The essentiality of copper in biological processes and the mechanisms mitigating the toxic effects of excess copper have been subjected to extensive investigation. On the other hand, the process through which bacteria acquire copper remains alarmingly understudied and presents an opportunity to devise new ways to exploit the antimicrobial use of copper by augmenting its import. Although the copper detoxification systems of E. coli and S. enterica have been extensively studied, the copper response systems of K. pneumoniae, other members of Enterobacteriaceae, and closely related pathogens such as Proteus mirabilis remain ripe for investigation based on insights gleaned from studies on these model enteric bacteria. While the role of copper during UTI is an active area of investigation, the impact of copper during enteric and systemic infection by E. coli remains to be investigated. Antimicrobial and growth inhibitory functions of copper have attracted the most attention from researchers. Understanding the effects of copper on expression of virulence factors is yet another critical area that needs to be elucidated. Mechanisms of delivery of host-derived copper to sites of infection also remain to be determined. Ceruloplasmin appears to be the source of copper in urine during UTI (89). Several questions on the cellular origin of ceruloplasmin, the signals that activate its expression, and its secretion/translocation into the urine remain to be explored. Mounting evidence for copper as an innate immune effector represents an exciting direction for potential research on host-directed therapy against bacterial infections.

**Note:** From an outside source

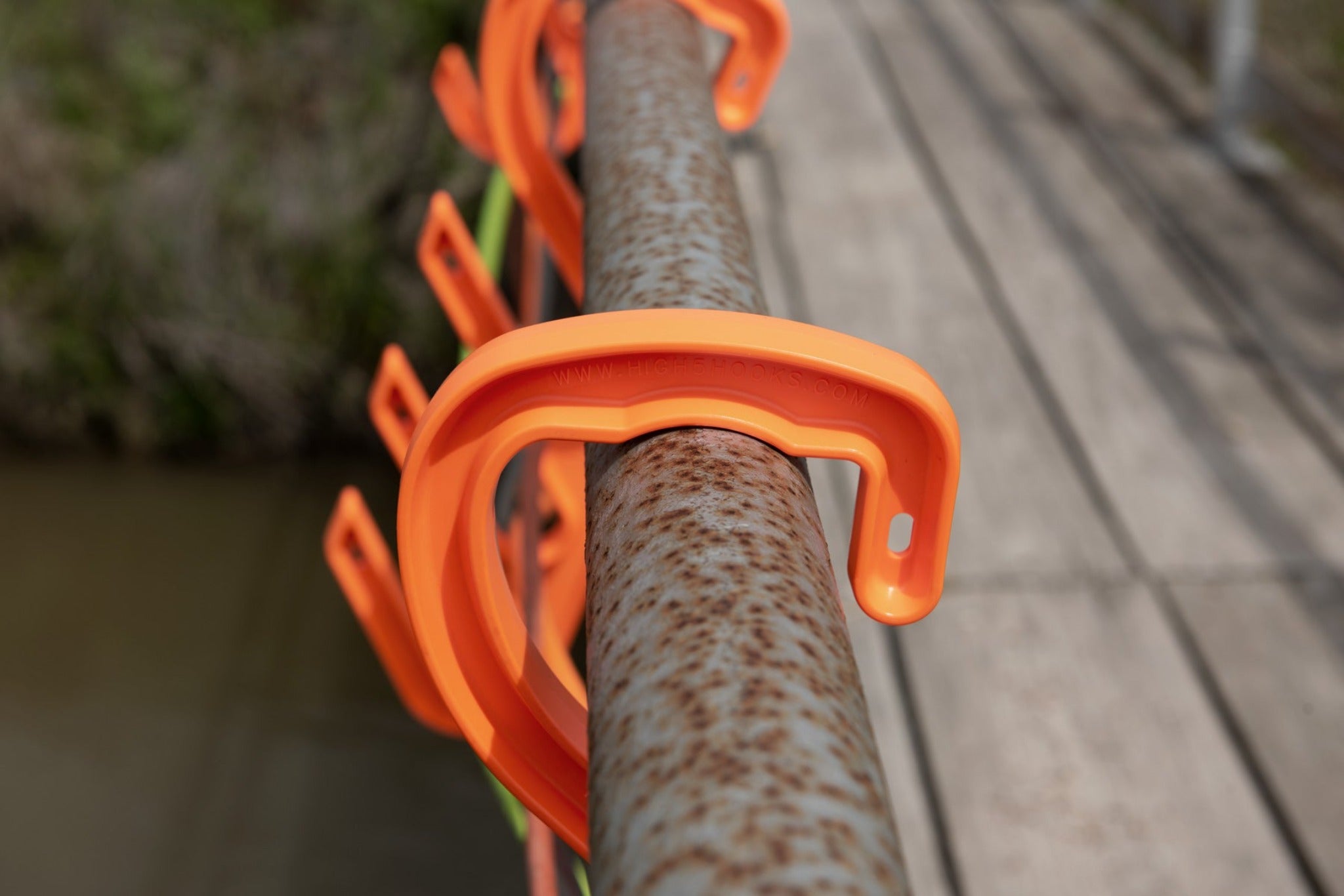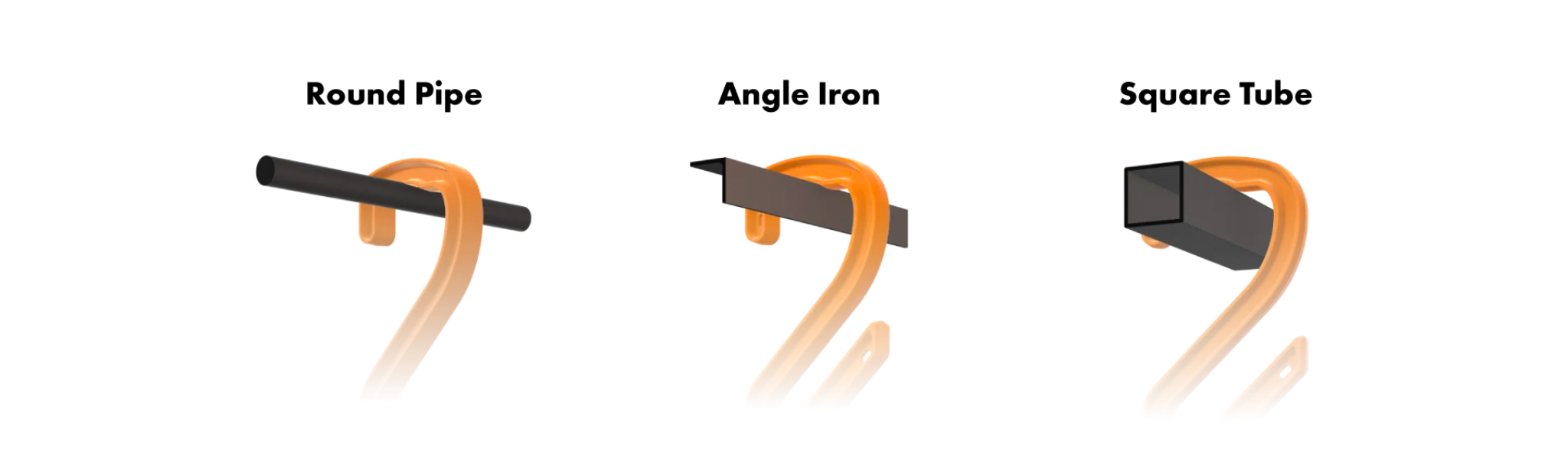 While standard S hooks are made to go on round pipe, High 5™ Hooks hang different. The H5H™ hooks will not only efficiently hook onto round pipe but also on angle iron and square tube guard rails. This new hook feature gives the H5H™ hooks increased usability and adaptability

In summary, review of copper homeostatic systems and their role at host-pathogen interface in E. coli and S. enterica has revealed opportunities to advance our understanding of the biological roles of copper to fully harness its antimicrobial activity. Researchers working on these topics have generated valuable genetic and biochemical tools and animal models that have set the stage for productive inquiry in the years to come.